Funded by the UMass Libraries Sustainability Fund
Job Responsibilities include:
- Facilitate working group meetings, generate agendas, and support meeting outcomes and project management for the project at large.
- Coordinate with faculty members integrating the training into their curriculum. You will set up zoom meetings, send reminders, and prepare presentation materials.
- Engage in an inclusive, non-judgmental, and supportive environment within the planning team and student cohort.
- Collect & submit participant details & learner evidence from course participants (through their facilitators) after they complete the training. This includes participant details & learner evidence on the standard Participant Details and Evidence Form as well as participant attendance.
- Review learner evidence prior to submittal to the CLP for certification to check for mistakes (e.g. not completing a section) and potential areas of weakness that may prevent a certificate from being awarded and correspond directly with those participants to support their completion of materials for certification.

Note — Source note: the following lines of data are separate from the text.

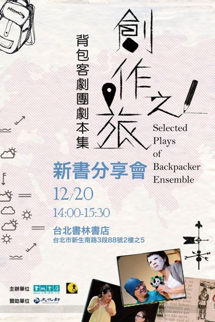 本次新書分享會,背包客劇團與出版本書的書林出版社合作,敬邀各方愛書、愛戲、愛旅行的朋友們相約於週日午後的書林書店,在歲末耶誕、新年將至之時,獻上暖暖的祝福與這本値得珍視的劇本書!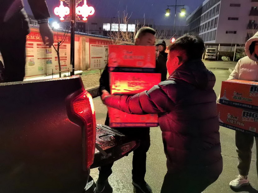 夜間,工會主席傅健一行現(xiàn)場看望慰問清除冰雪戶外工作人員,為他們送上方便面等慰問物資,并囑咐他們在辛勤工作的同時做好防寒保暖、安全防護(hù)。為在冰天雪地中堅持工作的一線工人送去了溫暖和關(guān)懷。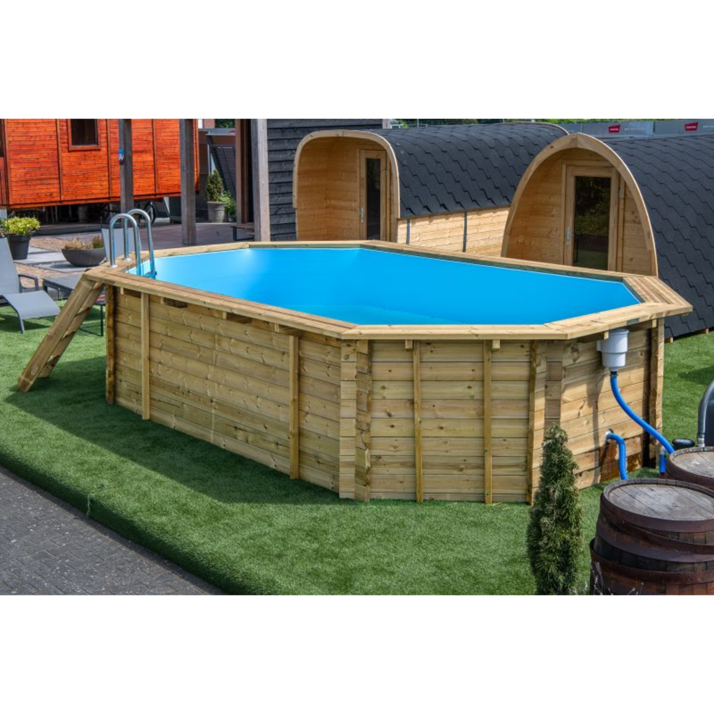 Het zwembad wordt compleet geleverd met liner, bevestigingsmaterialen, bouwtekening, filterzand, geotextiel, inlaat, pomp, skimmer en zandfilter, zodat je direct aan de slag kunt. De stevige houten ombouw met een wanddikte van 45 mm geeft het geheel een luxe uitstraling en lange levensduur.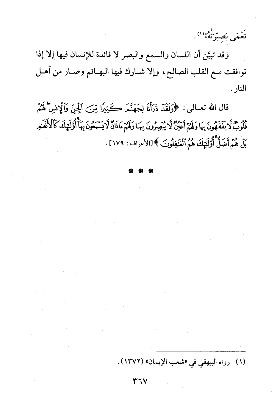 وقد تبيَّن أن اللسان والسمع والبصر لا فائدة للإنسان فيها إلا إذا توافقت مع القلب الصالح، وإلا شارك فيها البهائم وصار من أهل النار.

- Maintain a training log tokeep a record of the CLP activities: How many Carbon Literacy ‘graduates’, the ‘learners’ actions, as well as any reflections on how the training went.
- Detail oriented
- Project management
- Sound judgment and sensitivity to diverse constituencies
- Excellent interpersonal skills, strong initiative, and motivation
- Ability to work as part of a team and embrace a collaborative approach.
- Ability to communicate effectively, responsively, and in a timely manner
To date, Carbon Literacy Project (CLP) has certified over 20,000 learners across 13 countries, with hundreds of sector-specific trainings developed by organizational partners through creative commons. UMass Amherst became a CLP organizational partner in the summer of 2021, established a working group of UMass staff and students, certified its first cohort of Amherst faculty, students, staff, and alumni, and co-developed a revised training with regional context and UMass Amherst campus-relevancy. CLP at UMass Amherst sits under the campus Living Lab, which is part of the carbon mitigation plan.
The four training modules developed for the CLP will be accessible to the campus community and wider world on UMass Amherst ScholarWorks and could inspire future discipline-focused derivatives. CLP is a practice-based approach to organizational change and responsible management with published evidence on its effectiveness in doing so. The training process brings people together around shared tools, technologies, and discussion. CLP provides underpinning knowledge to vitally shift how UMass lives, learns, works, and leads. CLP will provide the UMass Amherst community with an embedded and instinctive understanding of the carbon impacts of our activities and allow us to make more informed choices, think critically about systems and processes, and to act on both an individual and collective level to make meaningful change. The result is collective knowledge which fosters practical interconnections across boundaries, leading to participant empowerment and change making.